Prior to the lockout, the salary cap for the coming (or not coming) season was set at $70.2 million. That probably won’t be case once a new CBA is reached, but assuming there’s some sort of grace period in the first year since teams prepared for the figure, the Bruins ($68,867,976 against the cap for next season) probably will be in the clear.
It’s the next year that Bruins fans should be worried about. Jim Matheson of the Edmonton Journal had an interesting piece last month that took a look at the type of trouble the Oilers would be in if the cap were to drop to $60 million in the second year of the CBA, and it's been reported that the owners have indeed proposed that $60 million cap for 2013-14. That wouldn’t be pretty for the Oilers ($48.5 million to just 14 players), but it would be even uglier for the Bruins.
The aforementioned $68 million-plus committed to the next NHL season accounts for 23 players. All of the key pieces are signed, and the B’s wouldn’t face any issue roster or money-wise. Yet two seasons from now (another reason to hate the lockout: It's a pain having to make references to “the next season” and “two seasons from now” instead of “this year” and “next year”), the Bruins would have $57,351,310 committed against the cap to only 16 players.
Furthermore, none of those players are named Tuukka Rask. In fact, none of them play goalie, as backup Anton Khudobin also will be a free agent, though he’ll be unrestricted while Rask will be restricted. Among the other players set to become free agents after next season are Andrew Ference and Nathan Horton.
If the cap were to be $60 million, the Bruins would have less than $3 million to both fill out their roster and sign perhaps the most important piece of their future in Rask. Remember, Rask signed a one-year, $3.5 million deal this summer so he could turn his next season into a more lucrative payday. Even if Rask has a so-so season and gets a deal with the same $3.5 million cap hit, the B’s would have to shed salary to retain him.
Of course, this was a scenario that everyone, including the Bruins, saw coming before the lockout.

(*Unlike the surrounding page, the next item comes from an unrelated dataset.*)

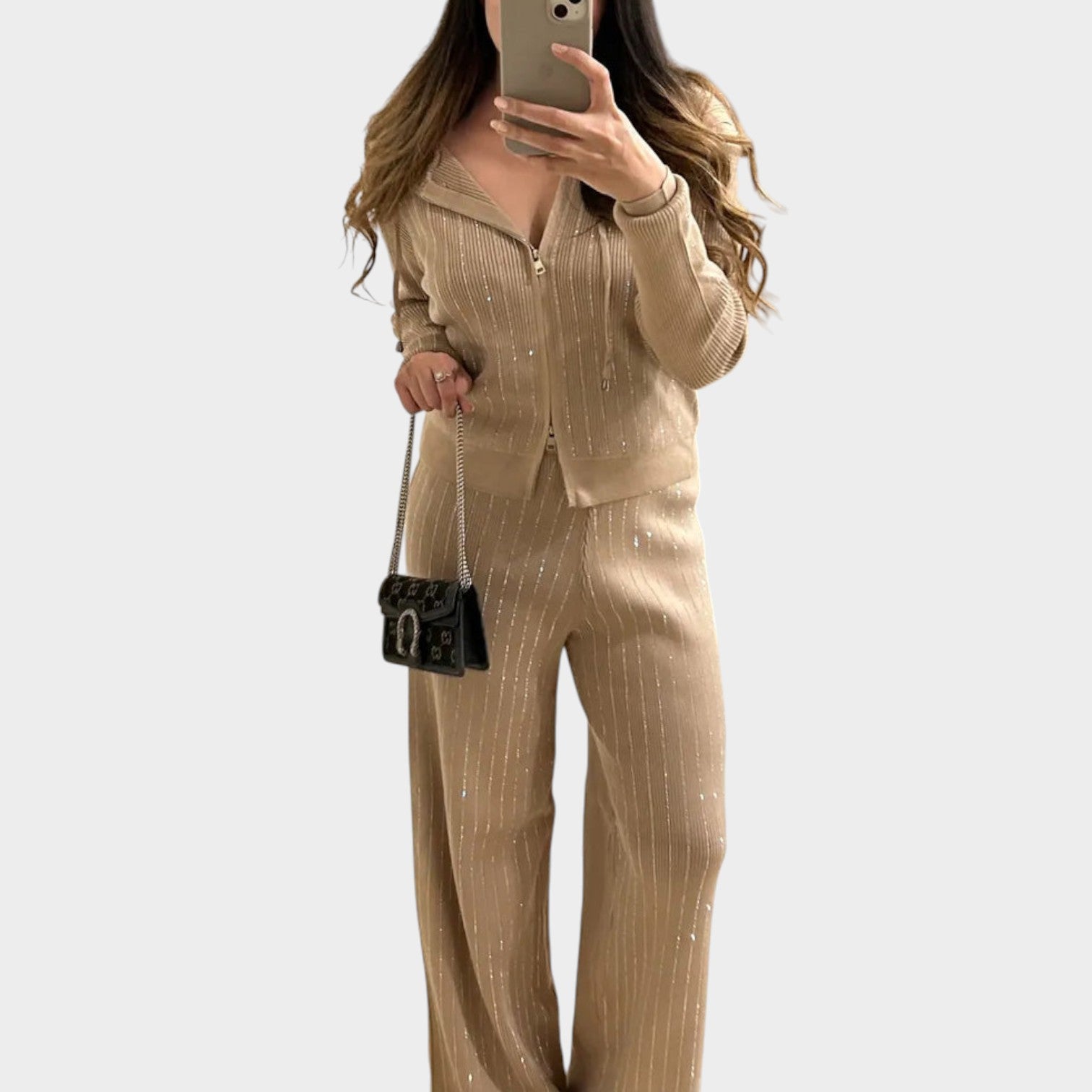 This refined two-piece set blends relaxed tailoring with a subtle shimmer for an effortlessly elevated look. Designed to feel comfortable yet polished, it transitions seamlessly from daytime outings to evening plans.

Peter Chiarelli and the B’s signed Milan Lucic (three years at $6 million per), Tyler Seguin (six years at $5.75 million per) and Brad Marchand (four years at $4.5 million per) prior to the lockout knowing that even if they didn’t have to shell out the full amount on the contracts depending on the CBA, an ugly cap situation might be in the team’s future.
“I’m taking the approach that if we have to shuffle our roster, delete from our roster, to get to a level of salary, then it will be hard from the perspective of trading players,” Chiarelli said in September after signing Seguin. “But I’d rather have the players [signed]. I’d rather have them locked up, I’d rather have them committed in what I think is a responsible framework, a working framework in light of where the CBA will go. Then I’d rather try and deal with it, with those players in the mix, players that we know.”
There’s still a ton to be sorted out, starting with a new collective bargaining agreement. Assuming the owners don’t really pull what they’ve offered off the table, it’s hard to imagine a new CBA being more than a couple of weeks away. Once that comes, a lot of teams will have to adjust accordingly, and the Bruins’ future cap number might be among the things that needs addressing.